There were at this time two missions in the Tobacco Nation, St. Jean
and St. Matthias,1 the latter under the
charge of the Jesuits Garreau and Grelon, and the former under that
of Garnier and Chabanel. St. Jean, the principal seat of the mission
of the same name, was a town of five or six hundred families. Its
population was, moreover, greatly augmented by the bands of fugitive
Huron who had taken refuge there. When the warriors were warned by
Ragueneau's messenger of a probable attack from the Iroquois, they
were far from being daunted, but, confiding in their numbers,
awaited the enemy in one of those fits of valor which characterize
the unstable courage of the savage. At St. Jean all was paint,
feathers, and uproar,--singing, dancing, howling, and stamping.

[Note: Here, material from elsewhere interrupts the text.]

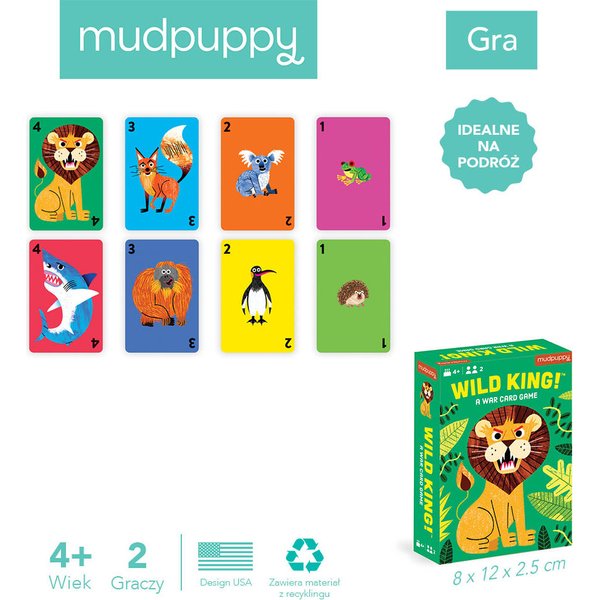 Gra karciana Wild King marki Mudpuppy dostarczy edukacyjnej rozrywki każdemu maluchowi spragnionemu zabawy w kameralnym towarzystwie.

Quivers were filled, knives whetted, and tomahawks sharpened; but
when, after two days of eager expectancy, the enemy did not appear,
the warriors lost patience. Thinking, and probably with reason, that
the Iroquois were afraid of them, they resolved to sally forth, and
take the offensive. With yelps and whoops they defiled into the
forest, where the branches were gray and bare, and the ground
thickly covered with snow. They pushed on rapidly till the following
day, but could not discover their wary enemy, who had made a wide
circuit, and was approaching the town from another quarter. By ill
luck, the Iroquois captured a Tobacco Indian and his squaw,
straggling in the forest not far from St. Jean; and the two
prisoners, to propitiate them, told them the defenseless condition
of the place, where none remained but women, children, and old men.

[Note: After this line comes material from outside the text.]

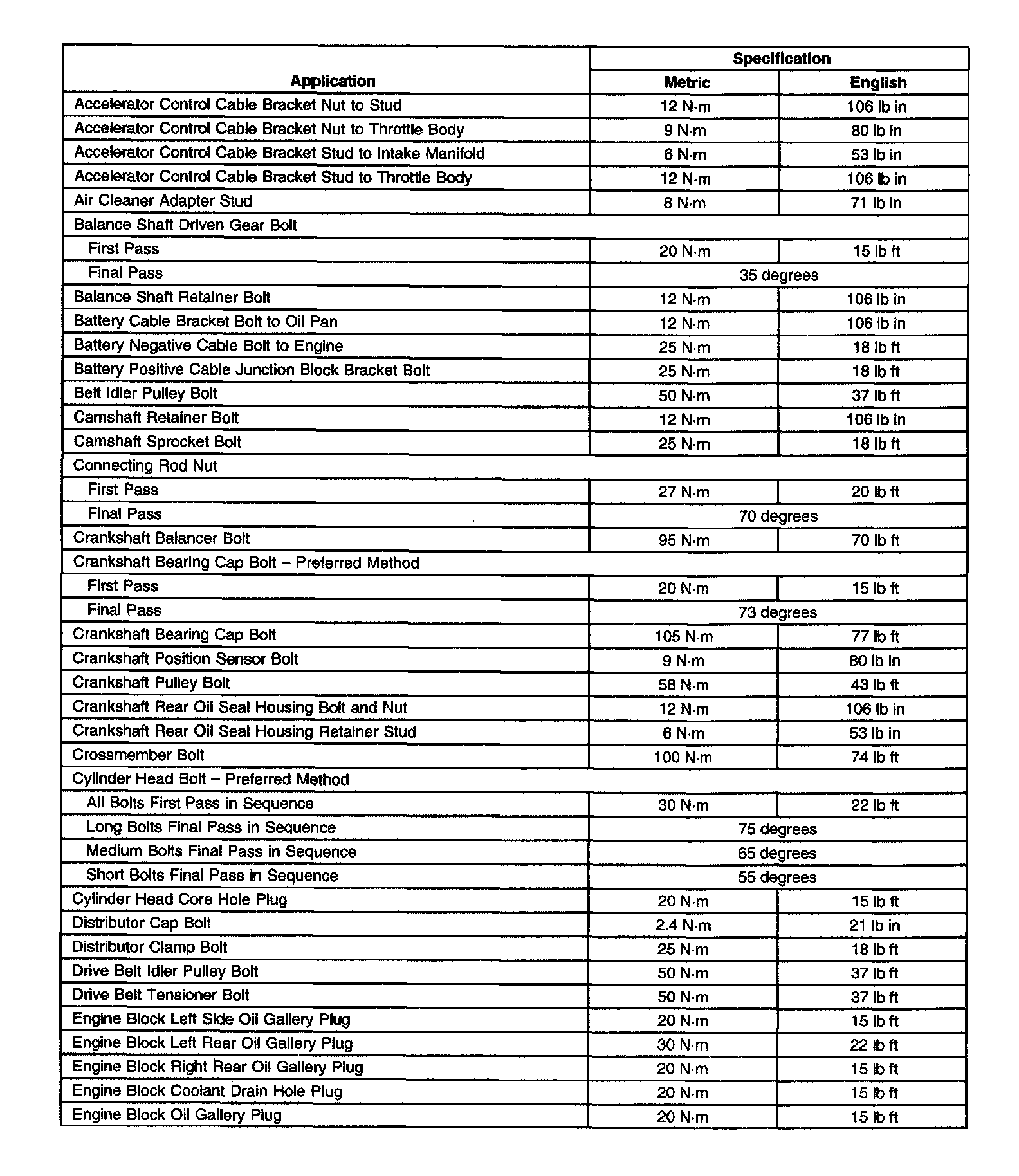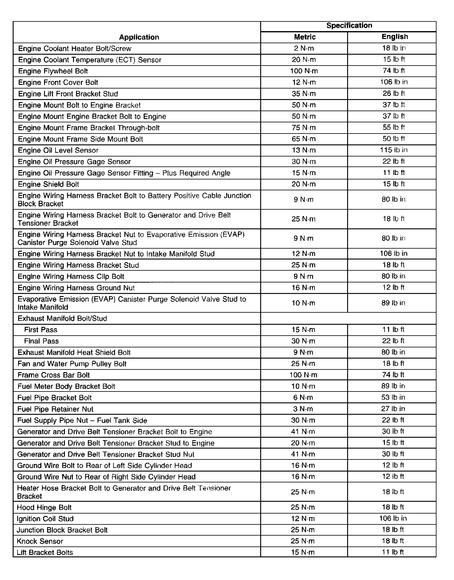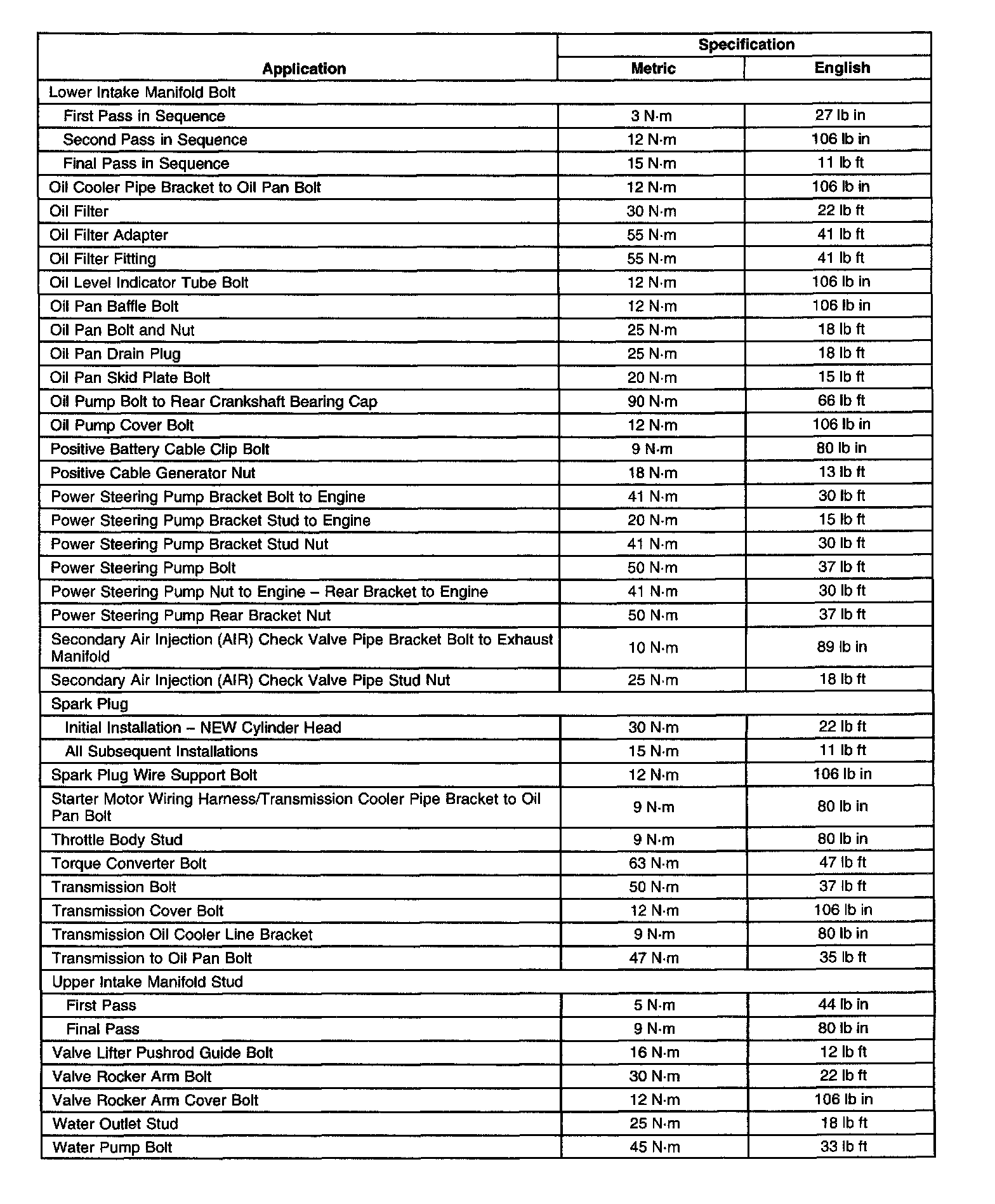 Fastener Tightening Specifications

The delighted Iroquois no longer hesitated, but silently and swiftly
pushed on towards the town.
It was two o'clock in the afternoon of the seventh of December. [Bressani,
Relation Abrégée, 264.] Chabanel had left the place a day or two
before, in obedience to a message from Ragueneau, and Garnier was
here alone. He was making his rounds among the houses, visiting the
sick and instructing his converts, when the horrible din of the
war-whoop rose from the borders of the clearing, and, on the
instant, the town was mad with terror. Children and girls rushed to
and fro, blind with fright; women snatched their infants, and fled
they knew not whither. Garnier ran to his chapel, where a few of his
converts had sought asylum. He gave them his benediction, exhorted
them to hold fast to the Faith, and bade them fly while there was
yet time. For himself, he hastened back to the houses, running from
one to another, and giving absolution or baptism to all whom he
found. An Iroquois met him, shot him with three balls through the
body and thigh, tore off his cassock, and rushed on in pursuit of
the fugitives. Garnier lay for a moment on the ground, as if
stunned; then, recovering his senses, he was seen to rise into a
kneeling posture. At a little distance from him lay a Huron,
mortally wounded, but still showing signs of life. With the Heaven
that awaited him glowing before his fading vision, the priest
dragged himself towards the dying Indian, to give him absolution;
but his strength failed, and he fell again to the earth. He rose
once more, and again crept forward, when a party of Iroquois rushed
upon him, split his head with two blows of a hatchet, stripped him,
and left his body on the ground.2 At
this time the whole town was on fire. The invaders, fearing that the
absent warriors might return and take their revenge, hastened to
finish their work, scattered firebrands every where, and threw
children alive into the burning houses. They killed many of the
fugitives, captured many more, and then made a hasty retreat through
the forest with their prisoners, butchering such of them as lagged
on the way. St. Jean lay a waste of smoking ruins thickly strewn
with blackened corpses of the slain.
Towards evening, parties of fugitives reached St. Matthias, with
tidings of the catastrophe. The town was wild with alarm, and all
stood on the watch, in expectation of an attack; but when, in the
morning, scouts came in and reported the retreat of the Iroquois,
Garreau and Grelon set out with a party of converts to visit the
scene of havoc. For a long time they looked in vain for the body of
Garnier; but at length they found him lying where he had fallen,--so
scorched and disfigured, that he was recognized with difficulty. The
two priests wrapped his body in a part of their own clothing; the
Indian converts dug a grave on the spot where his church had stood;
and here they buried him. Thus, at the age of forty-four, died
Charles Garnier, the favorite child of wealthy and noble parents,
nursed in Parisian luxury and ease, then living and dying, a more
than willing exile, amid the hardships and horrors of the Huron
wilderness. His life and his death are his best eulogy. Brébeuf was
the lion of the Huron mission, and Garnier was the lamb; but the
lamb was as fearless as the lion.
[Garnier's devotion to the mission was absolute. He
took little or no interest in the news from France,
which, at intervals of from one to three years, found
its way to the Huron towns. His companion Bressani says,
that he would walk thirty or forty miles in the hottest
summer day, to baptize some dying Indian, when the
country was infested by the enemy. On similar errands,
he would sometimes pass the night alone in the forest in
the depth of winter. He was anxious to fall into the
hands of the Iroquois, that he might preach the Faith to
them even out of the midst of the fire. In one of his
unpublished letters he writes, "Praised be our Lord, who
punishes me for my sins by depriving me of this crown"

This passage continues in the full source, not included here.